**TRY IT**. Work out how many lines in the entries below include the word "Rancagua", and give only that figure.

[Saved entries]
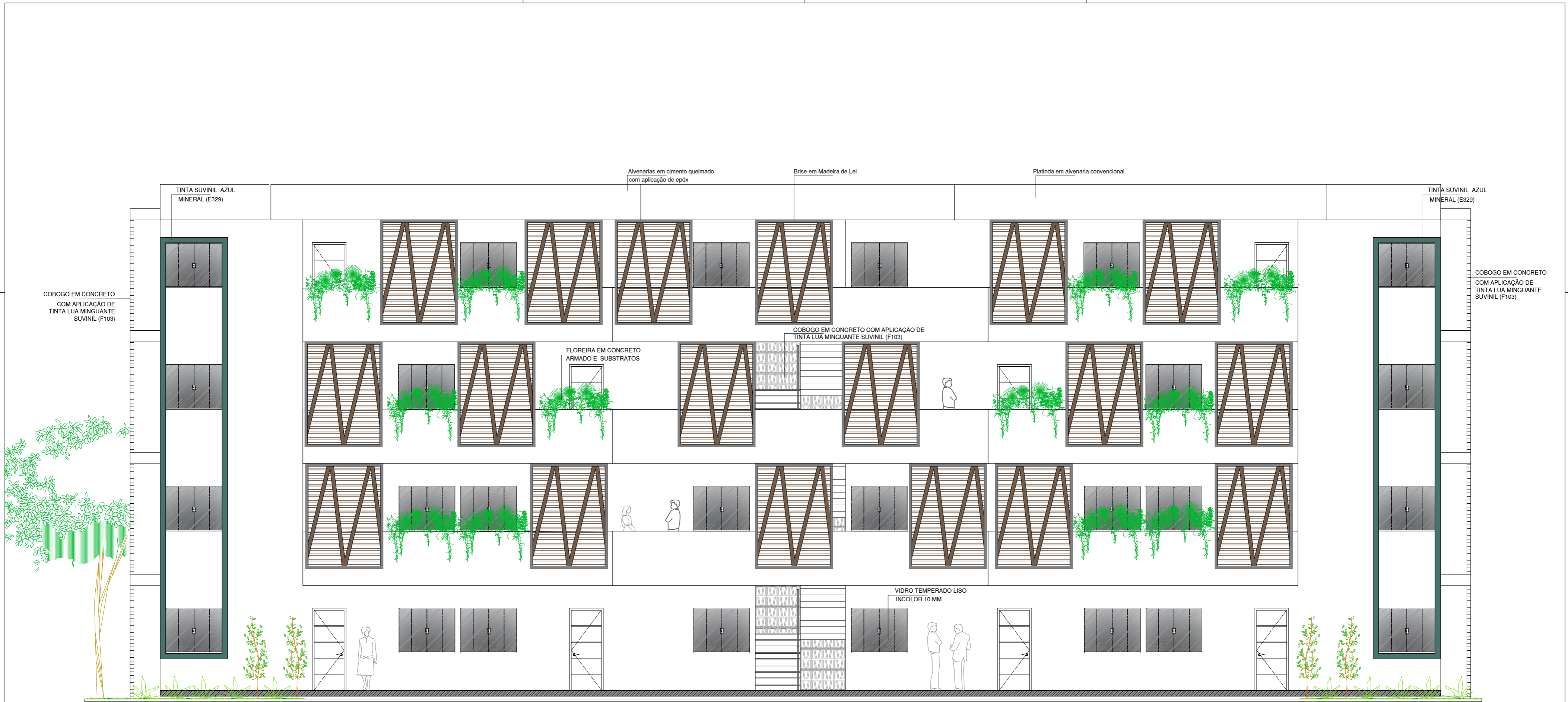
FACHADA FRONTAL HABITAÇÃO MULTIFAMILIAR
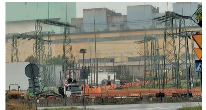
Inwestycję realizuje firma Electrim

Budownictwo energetyczne w pełnym rozkwicie. Na terenie elektrowni Siersza, na granicy z Czyżówką, trwa rozbudowa.
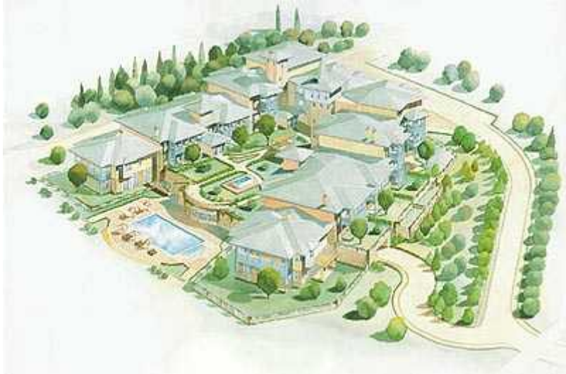
Resim. 29 / Kemer Country – Lale Konak' larından Görünüş

Dahası Amerikan banliyölerinde yaşanan hayat tarzının ve Amerikan popüler kültürünün olmazsa olmaz bir parçası ve Amerikan çizgi romanlarının klasik temalarından biri olup sekiz, on yaşlarındaki çocuklara çekirdekten yetişerek para kazanma ve müteşebbis olma ruhunu aşılamaı amaçlayan "limonata ve kurabiye satış günü" nün bir benzerinin Kemer Country'de düzenlenmesi de bu hayat tarzına aşına kişiler için pek de olağan dışı bir etkinlik olmadı. ( www.kemercountry.com )
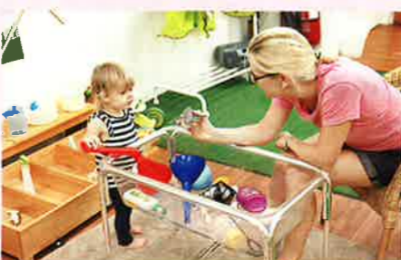
▲ 學校設有水池和沙池，讓學生可以多接觸沙和水，更提供不同的工具去學習。
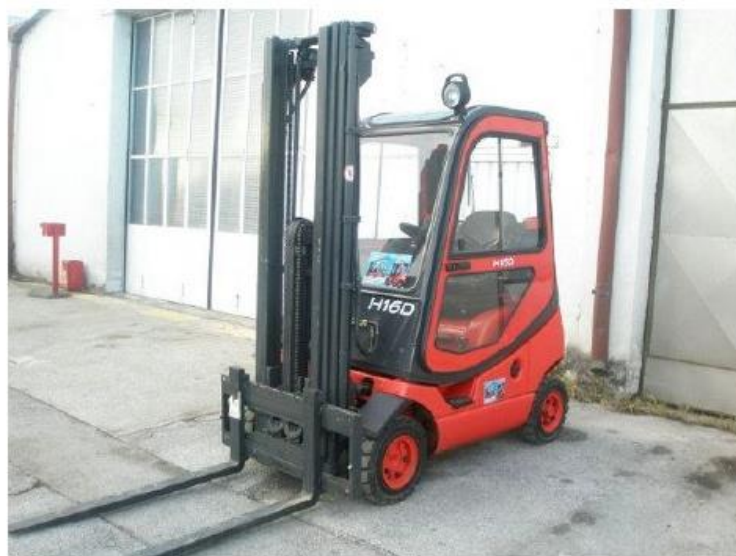
Slika 13. LINE HD16 viličar
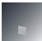
Abschlussdeckel, Länge: 28 mm, Breite: 1 mm, Höhe: 26,2 mm, Farbe: grau
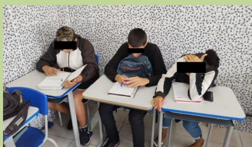
Figura 2: Anotação de temas relevantes
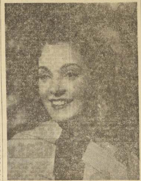
CARMEN SEVILLA, la encantadora estrella española, a quien hemos visto en numerosos films franceses, ha declarado en Madrid que está ansiosa de trabajar en el teatro junto a nuestro conocido Alberto Closas, quien se inició como actor aquí en Santiago junto a Margarita Xirgá.
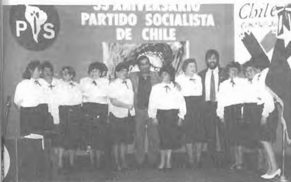
Mujeres socialistas de Rancagua junto a los diputados Héctor Olivares y Juan Pablo Letelier.

Nació en 22 de agosto de 1924 en Rancagua, donde realizó todos sus estudios primarios y secundarios. Posteriormente, ingresó a la Universidad de Copiapó, titulándose de Ingeniero de ejecución en minas. Se inició en la empresa minera Sewell, donde llegó a presidir el sindicato y más adelante, asumió un importante papel en la Confederación de Trabajadores del Cobre. Ha sido diputado por O'Higgins en tres períodos (1965, 1969 y 1973). Después del golpe militar, fue detenido y enviado a la Isla Dawson. Luego partió exiliado a Venezuela. Diputado, Distrito 32, O'Higgins.
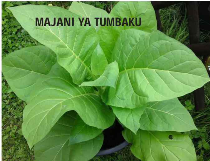
MAJANI YA TUMBAKU

Inashauriwa kuvuna mazao siku 4-5 baada ya kunyunyiza aina hii ya dawa.
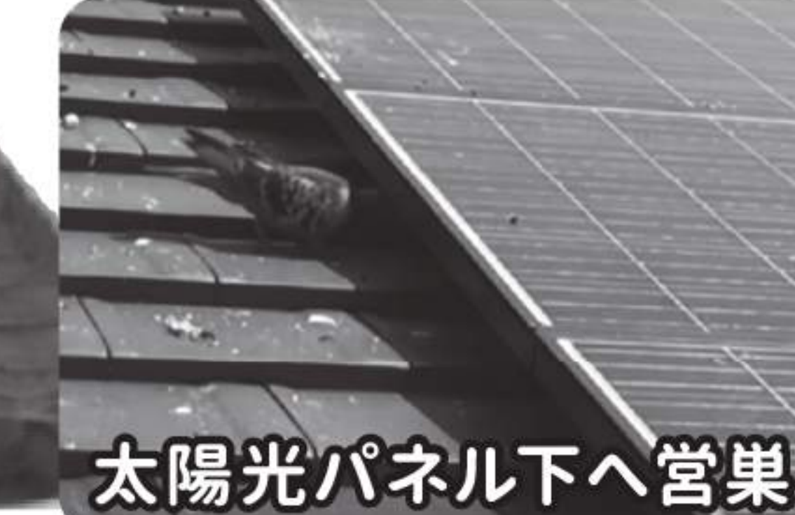
太陽光パネル下へ営巣
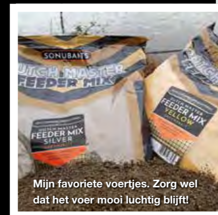
Mijn favoriete voertjes. Zorg wel dat het voer mooi luchtig blijft!

Verminder de weerstand! Vaak wordt de feedertop geheel strak gedraaid tot deze zelfs krom en onder spanning staat. Dit geeft bij het opnemen van het aas natuurlijk weerstand aan een azende vis. Probeer ook eens een 'losse' top, ook wel 'loose line' (losse lijn) genoemd. Je draait na het ingooien de lijn strak en verschuif dan de hengel zodanig dat de tip van de feeder niet meer direct onder spanning staat. Heel vaak volgt er dan een prachtige aanbeet! Staat er wat meer stroming, dan zal je actiever en uit de hand moeten vissen, probeer maar eens. Succes!
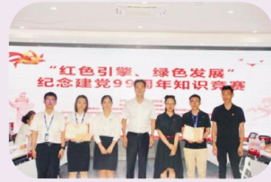
三等奖：中宙控股——不掉队 中宙投资——祖国花朵三缺一队
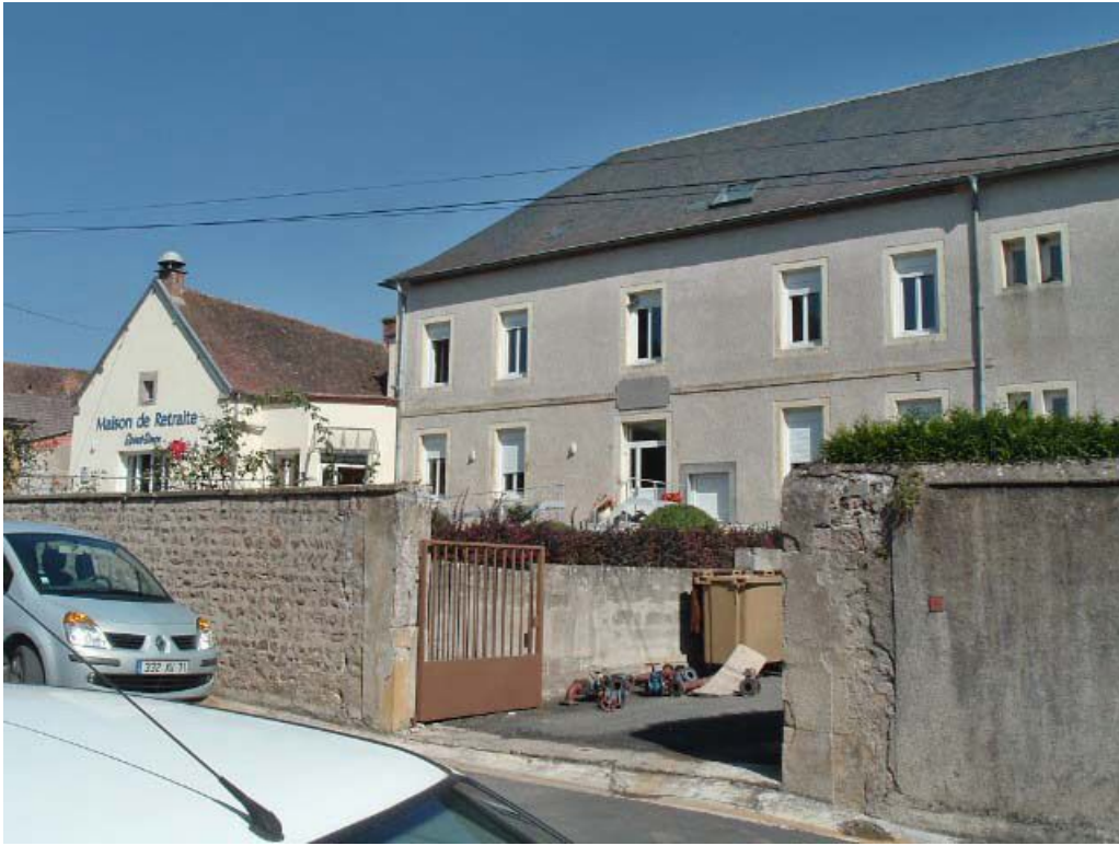
Vue partielle de la façade antérieure du bâtiment d'origine, vue depuis la rue. 71, Issy-l'Évêque, 7 rue des Emigrés

**FINISHED TASK**. 2